Farmer begins by telling something of his personal story, moving backwards and forwards between Haiti and Boston, between a clinic in a poor rural area on Haiti's central plateau and Harvard Medical School. He then suggests a rethink of ideas about "emerging infection diseases" such as Ebola, TB and HIV, arguing for an emphasis on inequality, transnational perspectives, and a biosocial approach informed by a critical epistemology.
There are four chapters on AIDS. One presents case studies of three individual women, from Harlem, Haiti and Bombay, and debunks some of the common myths about women and AIDS. Another tackles "the geography of blame" and the way esoteric views of Haiti — voodoo, zombies, etc. — have been used in its demonisation as a source of AIDS.
AIDS in Haiti is about proximity, not distance. AIDS in Haiti is a tale of ties to the United States rather than to Africa; ... AIDS in Haiti has far more to do with the pursuit of trade and tourism in a dirt-poor country than with "dark saturnalia celebrated by 'blood-maddened, sex-maddened, god-maddened' negroes".

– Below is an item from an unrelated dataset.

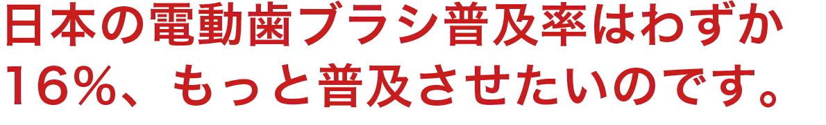 電動歯ブラシの普及率はドイツの53.0%、アメリカの39.0%と比べて、日本は16%と言われています。まだまだ普及が必要だと私達は考えミニマルソニックが普及のきっかけになればと思っています。

Two chapters focus on the Haitian village of Do Kay. One presents case studies of HIV infection and explores the dynamics of transmission: economic and population pressures, patterns of sexual union, gender inequality, political disruption, concurrent disease, and access to medical services. The other explores the cultural construction of AIDS (as sida):
[there are] three preexisting meaning structures into which sida neatly fits. The blood paradigm — which posits causal links between the social field and alterations in the quality, consistency, and nature of blood — was invoked early on... the tuberculosis paradigm has been invoked... Finally, the microbe paradigm, which has the official blessing of the local representatives of cosmopolitan medicine... is widely accepted, with provisions, throughout rural Haiti.
Farmer then turns to tuberculosis and the spread of multidrug-resistant tuberculosis (MDRTB). He begins with case studies from Haiti, Peru and the United States, the history of approaches to tuberculosis (where an early social emphasis changed to an individualised one), and different theories for the spread of MDRTB. One major problem is that medical practitioners and health systems persist in prescribing standard drugs to patients with known histories of resistance to them.
His experience with treatment in the Proje Vaye Sante community health program in Haiti highlights the importance of economic factors such as nutritional support and the transport costs to get to a clinic.
"The high cure rates we achieved also show that debates over whether to treat tuberculosis or to prevent it are essentially false debates, whose costs are borne, as usual, by the poor. Among those who correctly argue that poverty is the ultimate cause of tuberculosis, some make a serious error by advocating that development efforts should take precedence over tuberculosis treatment. ... this Luddite trap remains a peril of modern tuberculosis control. After all, we know how to treat tuberculosis, but development efforts often go awry."
And Farmer criticises "immodest claims of causality" by social science researchers who have put too much weight on cultural and psychological explanations, whether through romanticisation of "folk healing", or an emphasis on patient understanding of disease etiology and "noncompliance" — "the degree to which patients are able to comply with treatment regimens is significantly limited by forces that are simply beyond their control". This has led to a focus on education programs rather than on improving services, and to blame being assigned to patients rather than to structural problems. He also calls for less insularity and a "more crassly utilitarian" approach to research.
A concluding chapter criticises our failure to get antiviral drugs to HIV sufferers in the developing world and to tackle the "time bomb" of MDRTB. This is treatable (even in Haiti), not too expensive to treat, and no less infectious than ordinary TB; it can't be stopped just by treating drug-susceptible TB and should not be just ignored.
One major omission in Infections and Inequalities is any kind of economic analysis. Trying to formalise Farmer's ethical and political concerns would be tricky, but much of his argument is about effectiveness and efficiency, so some quantitative analysis of the benefits of different approaches to prevention and treatment would have added powerfully to his recommendations.
In a few places Farmer seems to be writing for his fellow practitioners, with the assumption of background knowledge — he refers to the Tuskagee trials and uses terms like "nosocomial" without explanation — but mostly the approach is non-technical and accessible to the lay reader. Infections and Inequalities is recommended reading for anyone involved with or curious about international health issues and infectious diseases.